At home, it’s hard to say how the crisis will play out for the government, says Dr Pawel Maranowski, of Collegium Civitas university, but the opposition is smelling blood. He pointed out that while around 35% of the people support the government, support for EU membership is above 70%, and Poles are very conscious of how much they have benefited from European financial support. “People trust outside institutions – the EU, the UN – more than the Polish government,” he said.
Maranowski says the latest wave of protests could build on mass women’s demonstrations last year against a strict abortion ban to put pressure on the government, which then might have to find a way to backpedal. The constitutional ruling is not binding until published officially.

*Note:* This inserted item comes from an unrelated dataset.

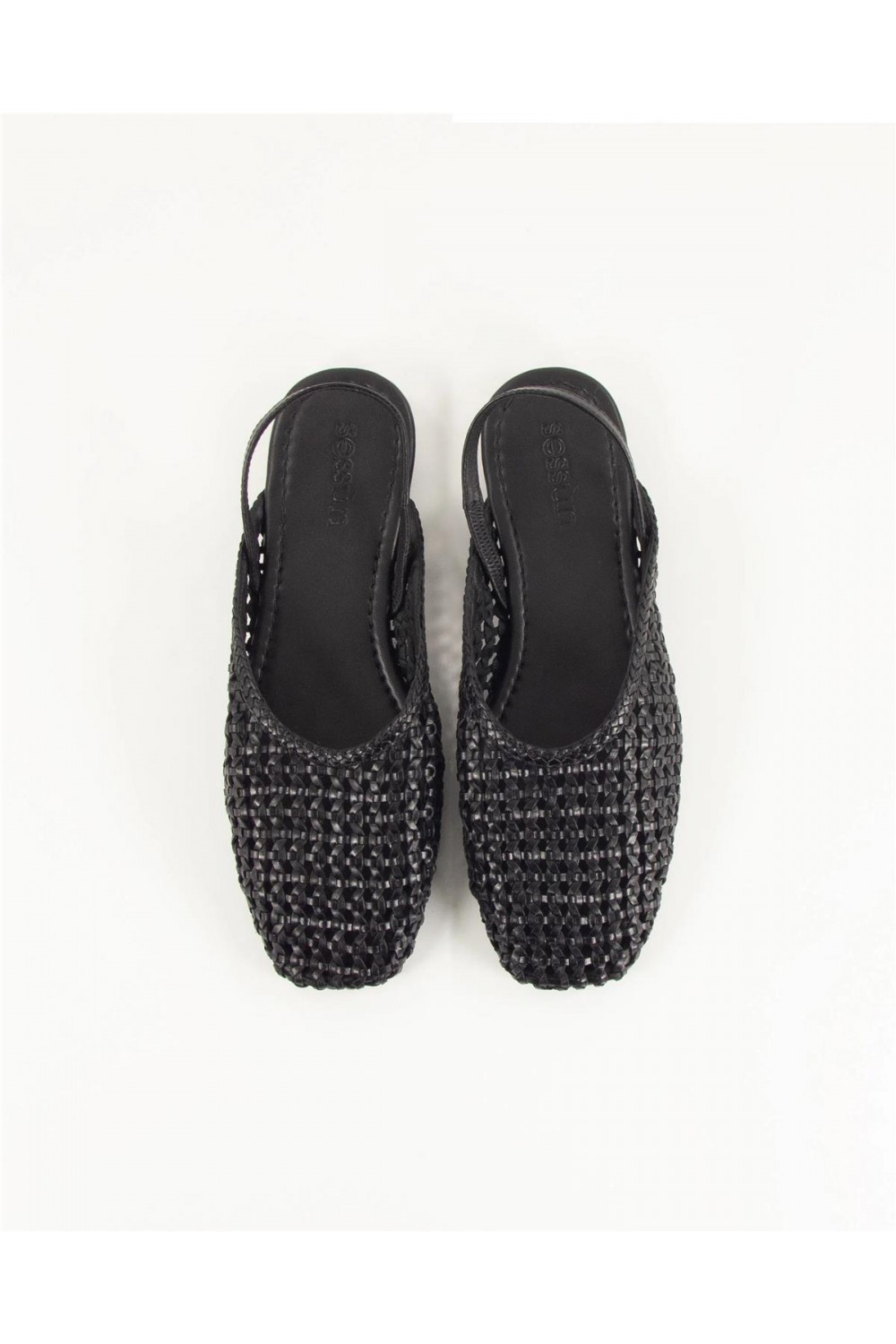Manoletinas de mujer Vana Sessun piel trenzada destalonada negro VANA
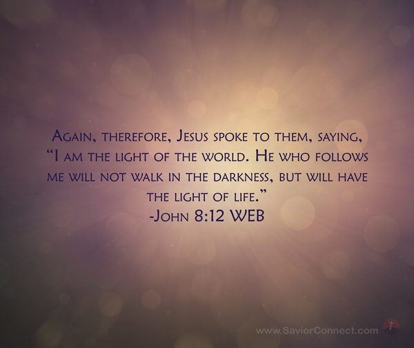Again, therefore, Jesus spoke to them, saying, “I am the light of the world. He who follows me will not walk in the darkness, but will have the light of life.” -John 8:12 WEB

Whoever triumphs in this battle – which at the moment looks more lose-lose than anything – the Polish and Hungarian rebellions underline a need for the EU to look at itself.
“This is part of a wider problem that the union has in the sense that it has become much more political and intrusive – consensually so – and clearly that is producing tensions,” the EU adviser remarked. Even committed Europeans like Michel Barnier, who wants to run for president in France, have started to talk about recovering national sovereignty on issues such as refugees and migration.
The need to find an answer to that wider problem is becoming increasingly pressing for Europe. Without one, the bloc faces a very uncertain future.